Ms King said Rob’s sister died last year, which she believes hit him hard, and when she asked: “Where are all your friends now?” he said: “They don’t want to know”.

She said Rob was popular and always positive when she knew him at school and when seeing him in The Westlands but was now “downtrodden” and in need of help.

The chance meeting happened at around 4pm on August 2 and Ms King told Rob he was welcome to stay at hers if he needed it.

She said he could come for a cup of tea or to stay over and he said he would.

However, having given him her mobile number, she said he hasn’t been in touch and when she returned to Worcester, she couldn’t find him.

“He has been at St Paul’s Hostel and down by the canal. I have been back round. I don’t think he has got any credit on his phone.”

She said seeing the way people looked down at Rob while she was talking to him, was upsetting – knowing that he is a hardworking and generous man.

She said: “I can’t understand why people find the homeless intimidating. It could be them. He has gone from everything to nothing in such a short time.”

Ms King, who also has another son who is 31, said Dion told her: “When he grows up he wants to open a place for all the homeless people to go.”

Last week, the government unveiled its new £100m strategy to tackle rough sleeping on England’s streets.

Housing Secretary James Brokenshire vowed to make homelessness a “thing of the past” and the government has vowed to end rough sleeping by 2027.
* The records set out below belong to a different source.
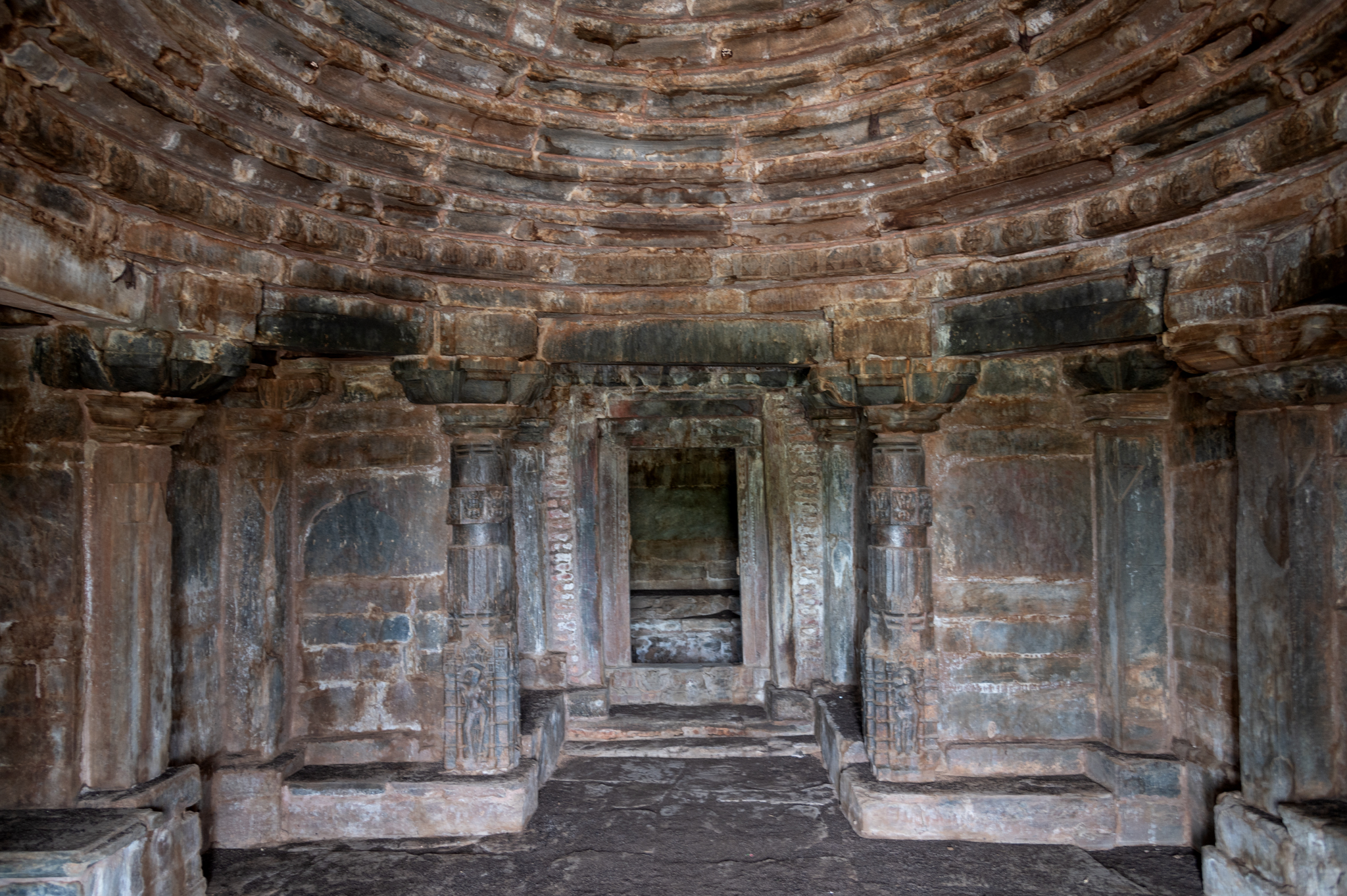 Seen here is the interior of the mandapa (pillared hall) of the Jain Temple. The mandapa is astylar in plan meaning that the central portion does not contain any pillars. The pillars are lined along the corners of the mandapa. The entrance to the garbhagriha (sanctum sanctorum) is right in front of the main north-facing entrance to the temple. The west and east sides of the mandapa have relief transepts. The stone interiors of the temple are heavily damaged owing to a bat infestation.
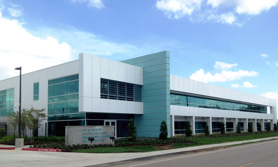 The City of Houston contracted with Huitt-Zollars, Inc. to conduct assessments of their facilities. One major component of these assessments was the City’s existing Drinking Water Operations facility at 7000 Ardmore. The original task, following the assessments, was to develop a master plan for the administrative offices and scattered maintenance shops on the existing site. Huitt-Zollars determined that the existing buildings would have to undergo extensive renovations in order to meet the new building codes, user needs, and future growth of the facility. In the end, the best solution was to build a new, $16-million state-of-the-art administrative building and maintenance facility across the street from the existing facility that would serve the needs of the growing city now and over the next fifty years. The 66,000-square-foot two-story building, sitting on a 4.25-acre site, has a service center consisting of maintenance and machine bays, parts storage, a carpenter’s shop, and instrumentation and meter shops, and an administrative area with offices and workstations, conference rooms, and a training room. A designated work crew area has a break room, showers, locker rooms, and restrooms. This project was completed in 2019.
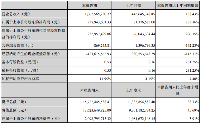昨日晚间,A股上市期货公司瑞达期货披露了2021年半年报。半年报显示,报告期内,瑞达期货实现营业总收入10.63亿元,上年同期为4.56亿元,同比增长了138.43%;实现归属于上市公司股东的净利润2.38亿元,上年同期为7137.66万元,同比增长了233.36%;基本每股收益盈利0.53元,去年同期为0.16元,较去年同期增加了231.25%。
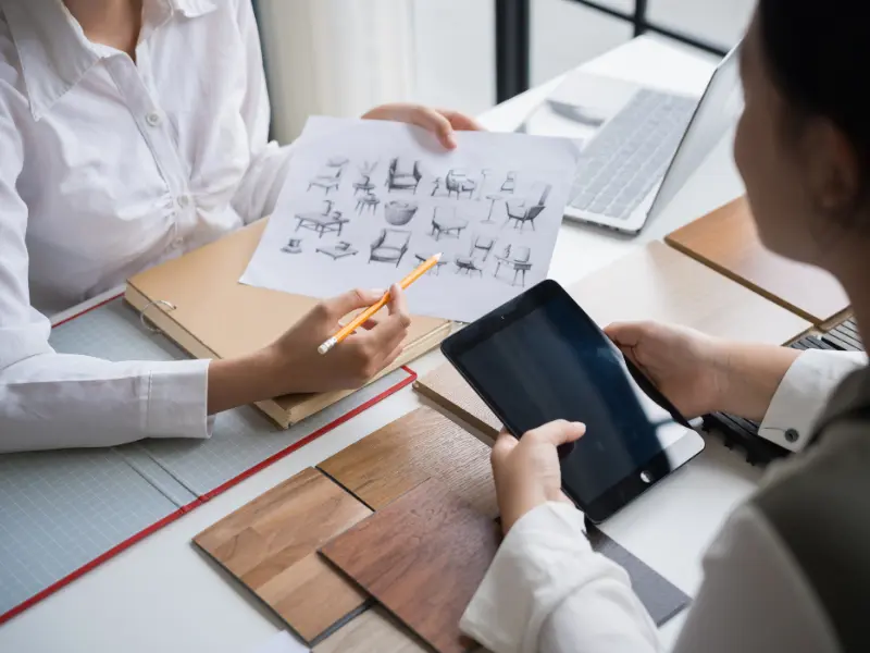 The tactile phase. We visit showrooms together to touch, feel, and lock down the actual finishes.
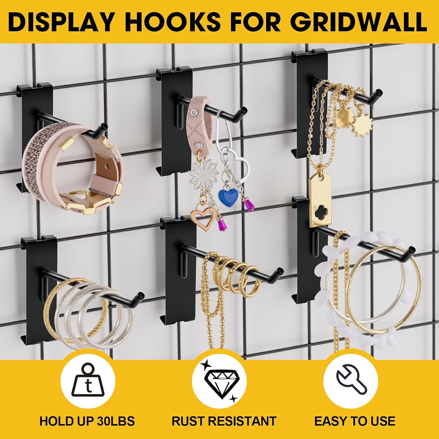 - PREMIUM MATERIAL: The gridwall hooks are made ofhigh-quality metal material, lasting for years without bending. Finished by black oxidation coating, the display hooks provides resistance to rust and corrosion. Hold up to 30 lbs.
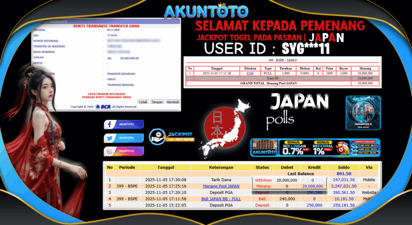JACKPOT TOGEL PADA PASARAN JAPAN Rp20.000.000 KAMIS 06 NOVEMBER 2025
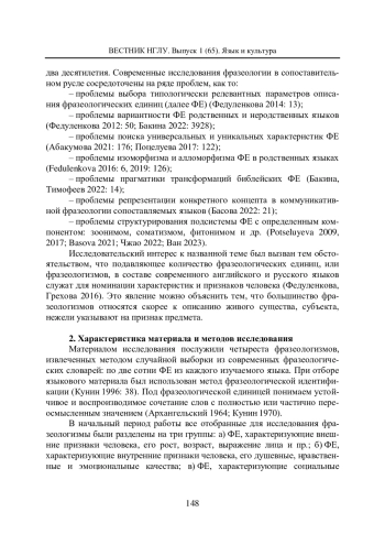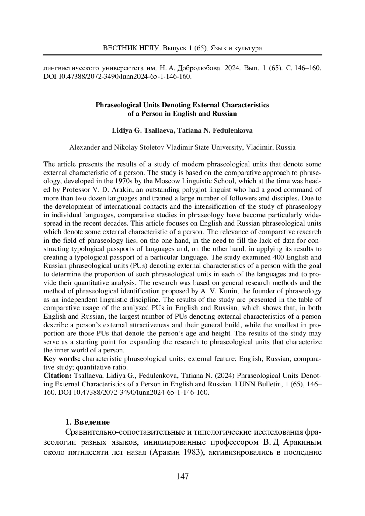 В предлагаемой статье излагаются результаты исследования широко используемых в современном дискурсе фразеологических единиц со значением внешнего признака, проведенного в русле сравнительно-сопоставительного подхода. Данный подход к изучению фразеологии был инициирован в 70-е годы ХХ века Московской лингвистической школой во главе с выдающимся лингвистом-полиглотом, владеющим в совершенстве более чем двумя десятками языков, проф. В. Д. Аракиным и его учениками и последователями. В связи с развитием международных контактов и интенсификацией изучения фразеологии в отдельных языках особое распространение в последние десятилетия получает сопоставление в области фразеологии. Данная статья рассматривает фразеологические единицы, характеризующие внешние признаки человека. Сравнительный анализ проводится на материале английского и русского языков. Актуальность сопоставительных исследований в области фразеологии, с одной стороны, заключается в необходимости восполнения недостатка данных для построения типологических паспортов отдельных языков и, с другой стороны, обусловлена возможностью применения их результатов в создании типологического паспорта конкретного языка. Объектом исследования являются четыре сотни английских и русских фразеологических единиц, характеризующих внешние признаки человека. Предметом исследования является изучение доли признаковых фразеологических единиц в каждом из избранных языков и их квантитативный анализ. В работе применялись общепарадигмальные методы исследования и метод фразеологической идентификации, предложенный основателем фразеологии как самостоятельной лингвистической дисциплины А. В. Куниным. Результаты исследования представлены в таблице сравнительного употребления анализируемых ФЕ в английском и русском языке, которая показывает, что большая часть фразеологизмов как английского, так и русского языка, указывающих на внешние признаки человека, характеризуют внешнюю привлекательность и комплекцию человека, наименьшее количество фразеологизмов принадлежит к тематическим подгруппам, обозначающим возраст и рост человека. Перспектива работы видится в расширении поля исследования за счет фразеологизмов, характеризующих внутренний мир человека.
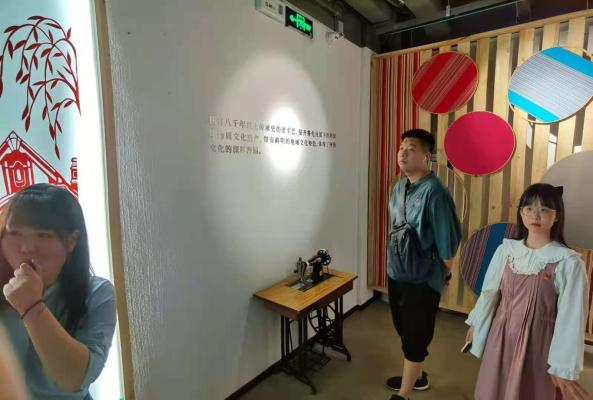 首先,我们在百花洲非遗博物馆,通过当地投影的方式来看当地手工艺术的历史变迁(如图1、2),通过几代人的努力,山东地区的手工艺术得到了长足的发展。
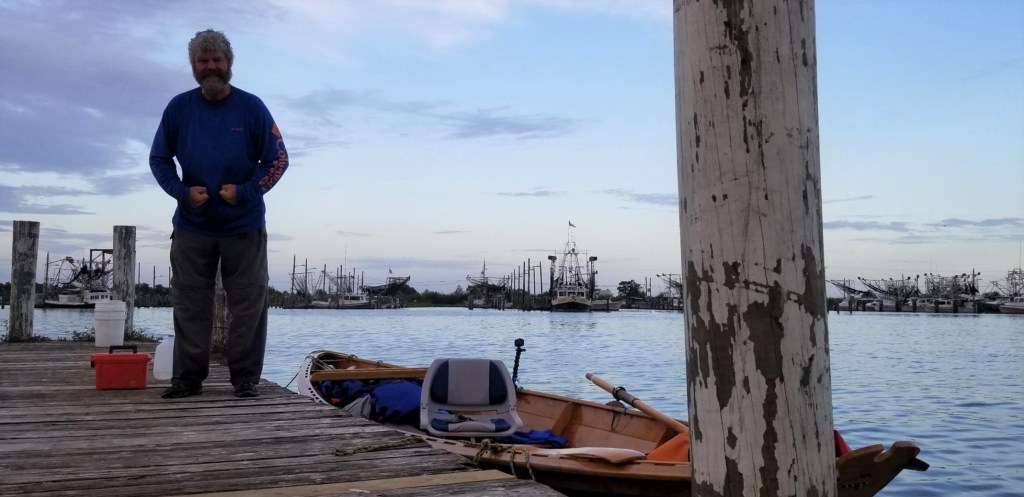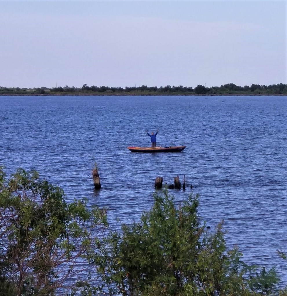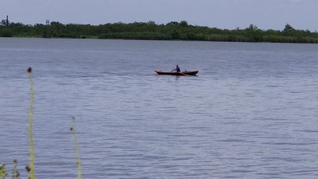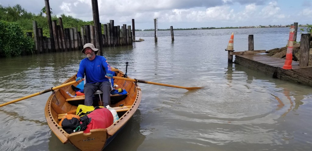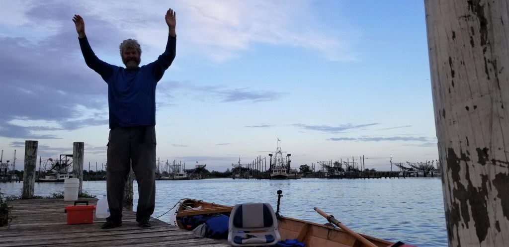 Patches of blue sky shone through as the storm passed. It was only 3 o’clock and I set out for the last 12 miles. Channel markers counted them down. 10 miles. The wind diminished. Actually it was now from the northeast and was helping me. 8 miles. I text Lijun and tell her meet me in Venice. 5 miles. I row hard, relentlessly, I do not stop. 3 miles. The joints and muscles of my hands are aching. I row hard. I do not stop. I see a couple of boats from the gulf now heading into the channel for Venice. It’s there. I row even harder now. I get there and … That’s it! I stop and breathe and then I hear yelling from the shore. Lijun is jumping up and down on top of the levee. I stand in the boat and face her raising my arms in victory. “Yeah!”
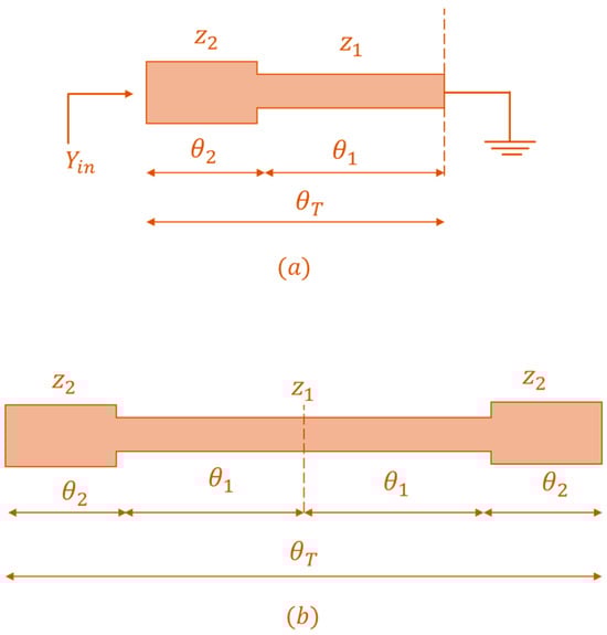 The construction of SIRs involves the utilization of a network of transmission lines that are interconnected with one another. Each transmission line is created with its specific impedance requirement. SIRs are frequently utilized in a wide variety of applications within the realm of radio frequency (RF) and microwave engineering. As a result of their diminutive size and remarkable Q-factor, they are very well-suited for use in oscillators and filters. They are incredibly beneficial for a wide variety of applications due to the extraordinary properties that they possess, which is the reason why this is the case. During the process of developing SIRs, design issues and the undesirable reactions of particular circuits were also taken into account by RF and microwave engineers. The development of SIRs was motivated by these limits. While lower SIRs can limit frequencies up to a certain point, larger UIRs are more commonly seen in RF and microwave devices. A wide range of additional uses also make use of UIRs. Figure 2 and Figure 3 display multiple examples of feasible SIR designs. There is a physical difference between the SIR and UIR lines; the former is shorter []. This holds even though UIR and SIR are based on ABCD matrices. One possible approach to express the matrix is as follows:

“help people turn their lives around”, including support for mental health and addictions.

As reported in the BBC, homelessness has been on the rise for the past seven years, with around 4,750 people estimated to be sleeping rough on any given night in England in 2017.

The Rough Sleeping Strategy is set to focus on preventing people from becoming homeless in the first place by offering a range of support.

Jonathan Sutton, who runs St Paul’s Hostel, attended a police raid at a homeless encampment off New Road last month.

Officers had obtained a dispersal order, after reports of a stabbing at the camp.

Referring to the homeless issue in the city, Mr Sutton said: “What’s the solution? The poor police are caught between a rock and a hard place.

“There’s more to it than homelessness, but it should motivate us to re-double our efforts and find a solution for this.

“There are complicated stories – it’s more than about what the public just see.

“It’s much more than people living in a tent – there’s more gone on with their lives that has led them to be here. The unravelling of that is the complicated and the hard bit for everybody. It’s not a choice to be homeless.”